(Records from a data source)
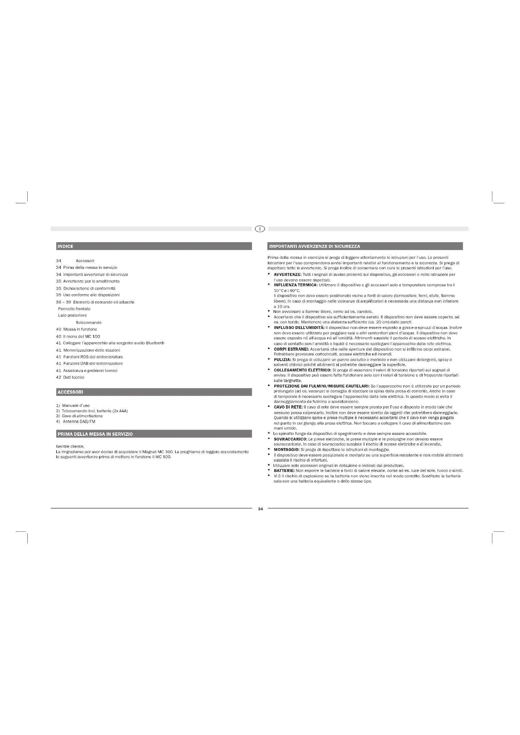 - Vi è il rischio di esplosione se la batteria non viene inserita nel modo corretto. Sostituire la batteria solo con una batteria equivalente o dello stesso tipo. INDICE 34 Accessori 34 Prima della messa in servizio 34 Importanti avvertenze di sicurezza 35 Avvertenze per lo smaltimento 35 Dichiarazione di conformità 35 Uso conforme alle disposizioni 36 – 39 Elementi di comando ed attacchi Pannello frontale Lato posteriore Telecomando 40 Messa in funzione 40 Il menu del MC 100 41 Collegare l’apparecchio alla sorgente audio Bluetooth 41 Memorizzazione delle stazioni 41 Funzioni RDS del sintonizzatore 41 Funzioni DAB del sintonizzatore 41 Assistenza e problemi tecnici 42 Dati tecnici ACCESSORI
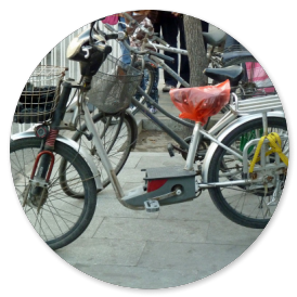Es sind erstaunlich viele Frauen damit unterwegs, die vorne und hinten Einkaufskörbe haben. Viele fahren auch zu zweit auf diesen Dingern; die sind dann supermodern mit einem Computer ausgerüstet, klein und handlich und haben hinten einen Sitz für die Ehefrau.
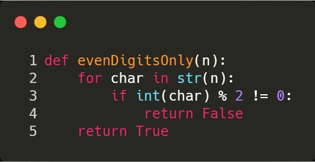 evenDigitsOnly(n) = true; - For n = 642386, the output should be
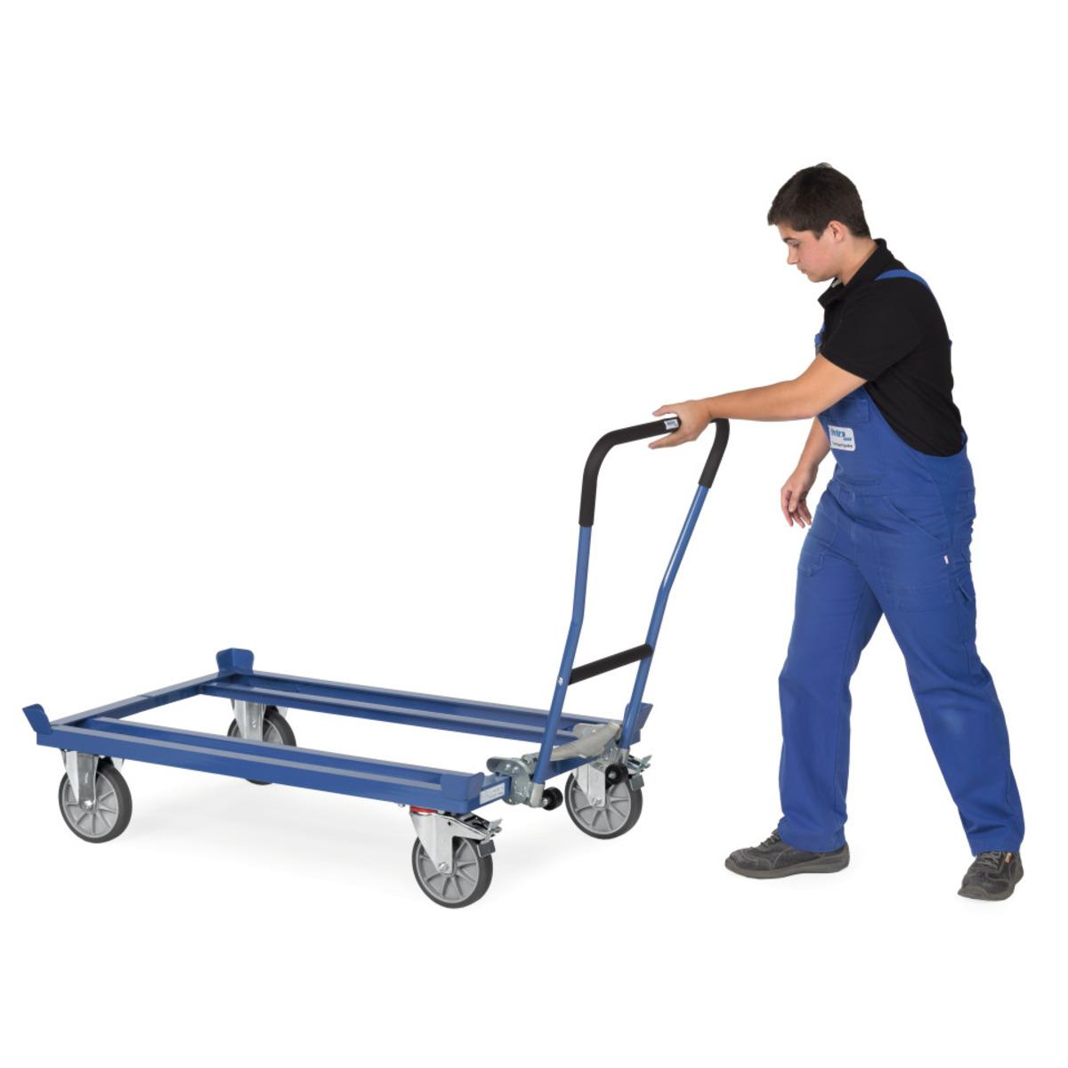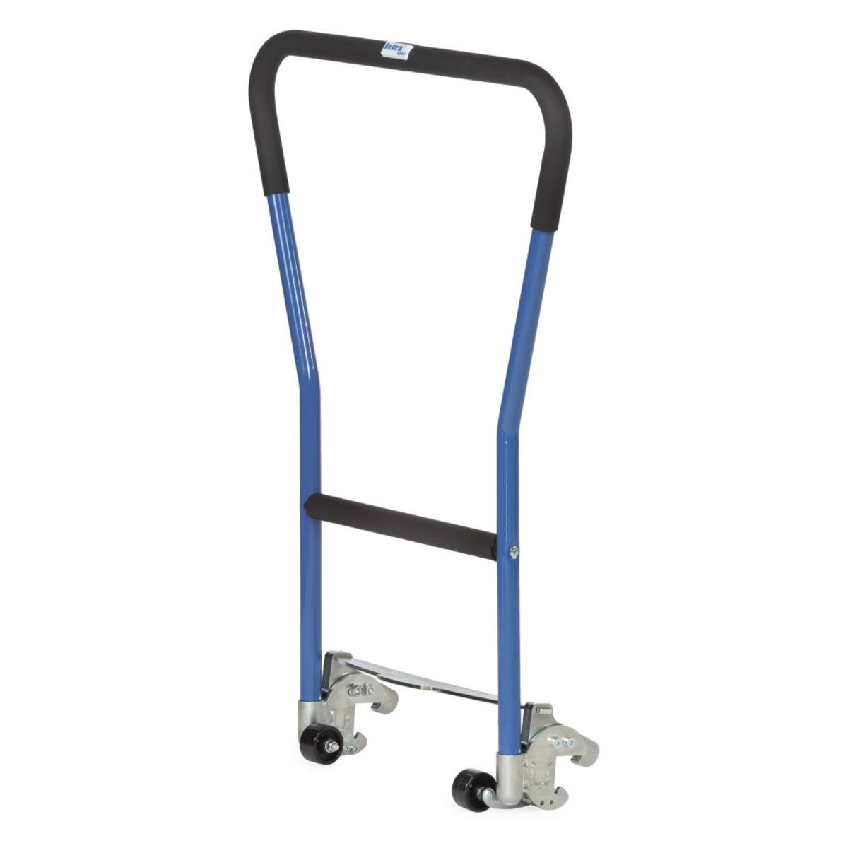 Rohrschiebebügel zum bequemen rückenschonenden Bewegen von leeren und beladenen Paletten-Fahrgestellen, Konstruktion mit kräftigen Verbindungsklauen, Bügel und Querbügel mit Softgrip-Bezug. Im ausgeklinkten Zustand mittels 2 Hilfsrollen kräfteschonend verfahrbar.
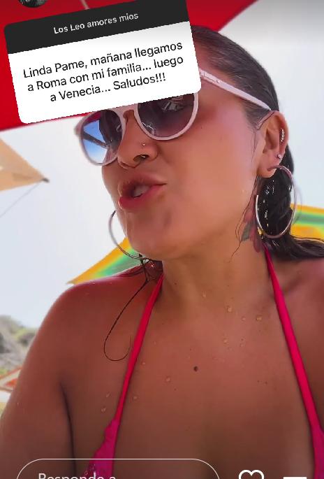 En sus últimas historias, se puede ver a la comediante disfrutando del sol y la playa de roma, con un coqueto bikini rosado.
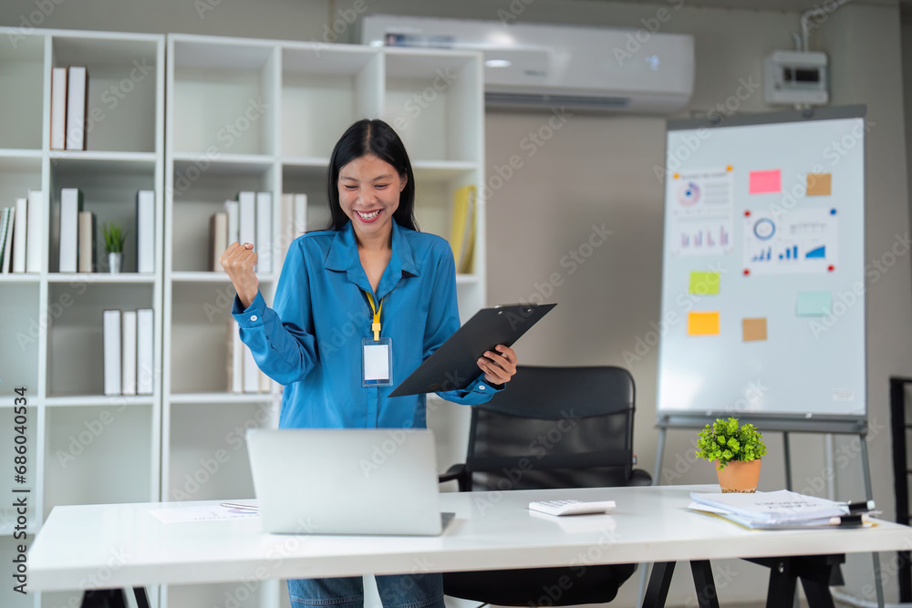 Business Asian woman are determined and excited about their work. Business success. Asian business women arms up after success job with customer
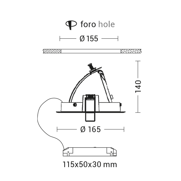 ROSSINI ILLUMINAZIONE - DOWNLIGHT BIANCO LED 30W 36° IP20 3000K CRI90 LOO105
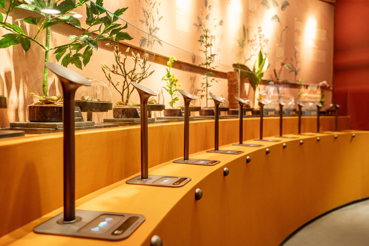 馆内共六层,常设两大展览——《世界用香博览》和《香的通感探索》,分布着300多台闻香机。“只要刷下‘闻香卡’触发装置,设备会迅速从喇叭口吹出展项对应的气味,每次释放10秒。”香氛博物馆副馆长翁彤说。
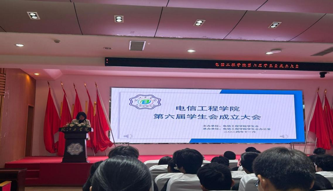2024年11月22日下午13点,电信工程学院第六届学生会成立大会在beat365正版唯一入口必一霍里山校区图书馆报告厅隆重举行。电信工程学院党总支书记张捍东、院党总支副书记马羽佳、副院长纪萍、院党政办主任张高桢、院分团委书记蒋紫姻、各专业辅导员、班主任及学生会全体成员参加此次会议,本次会议由学生书记张智淘主持。
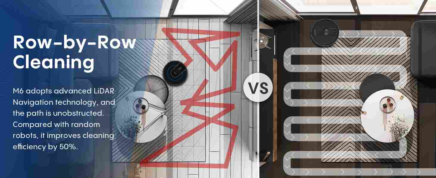 【360° LiDAR Precise Mapping and Navigation】The BL20pro sweeping robot adopts the most advanced LiDAR mapping technology, scanning and identifying various complex home layouts in 360°, allowing for quick and accurate mapping and planning of cleaning routes. Compared with traditional vacuum cleaners, its cleaning efficiency is increased by 70%.
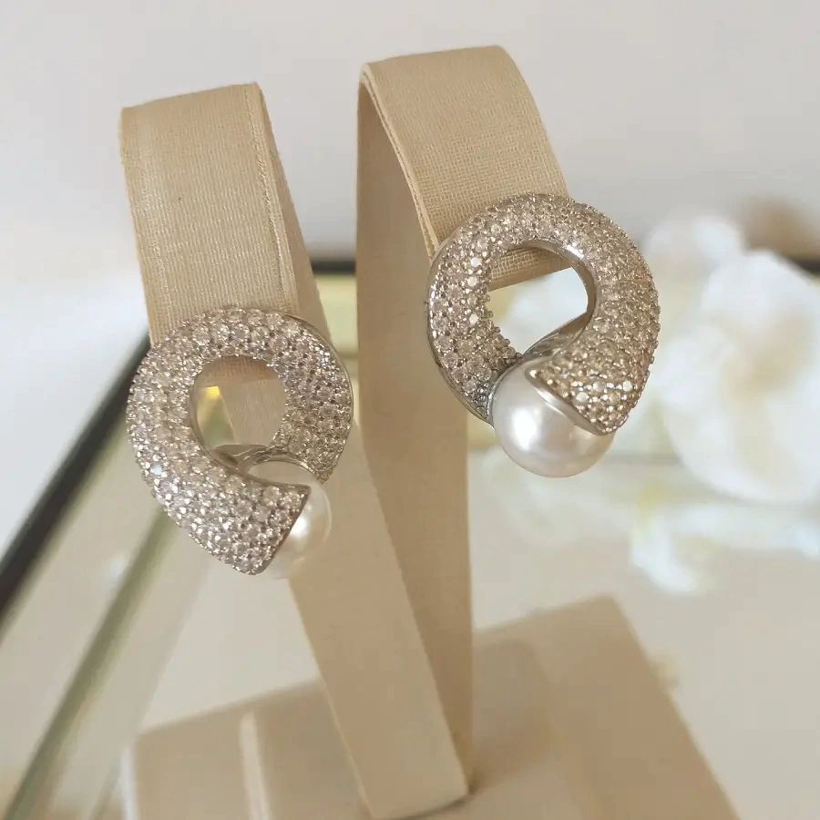 Lindo brinco cravejado com pérola 2.5 cm banhados em ródio

* What the task asks *
Copy the lines above exactly, starting with the line that contains "Es sind erstaunlich" and ending with the line that contains "2024年11月22日下午1", and leave out any pictures.

* Response box *
Es sind erstaunlich viele Frauen damit unterwegs, die vorne und hinten Einkaufskörbe haben. Viele fahren auch zu zweit auf diesen Dingern; die sind dann supermodern mit einem Computer ausgerüstet, klein und handlich und haben hinten einen Sitz für die Ehefrau.
 evenDigitsOnly(n) = true; - For n = 642386, the output should be
 Rohrschiebebügel zum bequemen rückenschonenden Bewegen von leeren und beladenen Paletten-Fahrgestellen, Konstruktion mit kräftigen Verbindungsklauen, Bügel und Querbügel mit Softgrip-Bezug. Im ausgeklinkten Zustand mittels 2 Hilfsrollen kräfteschonend verfahrbar.
 En sus últimas historias, se puede ver a la comediante disfrutando del sol y la playa de roma, con un coqueto bikini rosado.
 Business Asian woman are determined and excited about their work. Business success. Asian business women arms up after success job with customer
 ROSSINI ILLUMINAZIONE - DOWNLIGHT BIANCO LED 30W 36° IP20 3000K CRI90 LOO105
 馆内共六层,常设两大展览——《世界用香博览》和《香的通感探索》,分布着300多台闻香机。“只要刷下‘闻香卡’触发装置,设备会迅速从喇叭口吹出展项对应的气味,每次释放10秒。”香氛博物馆副馆长翁彤说。
2024年11月22日下午13点,电信工程学院第六届学生会成立大会在beat365正版唯一入口必一霍里山校区图书馆报告厅隆重举行。电信工程学院党总支书记张捍东、院党总支副书记马羽佳、副院长纪萍、院党政办主任张高桢、院分团委书记蒋紫姻、各专业辅导员、班主任及学生会全体成员参加此次会议,本次会议由学生书记张智淘主持。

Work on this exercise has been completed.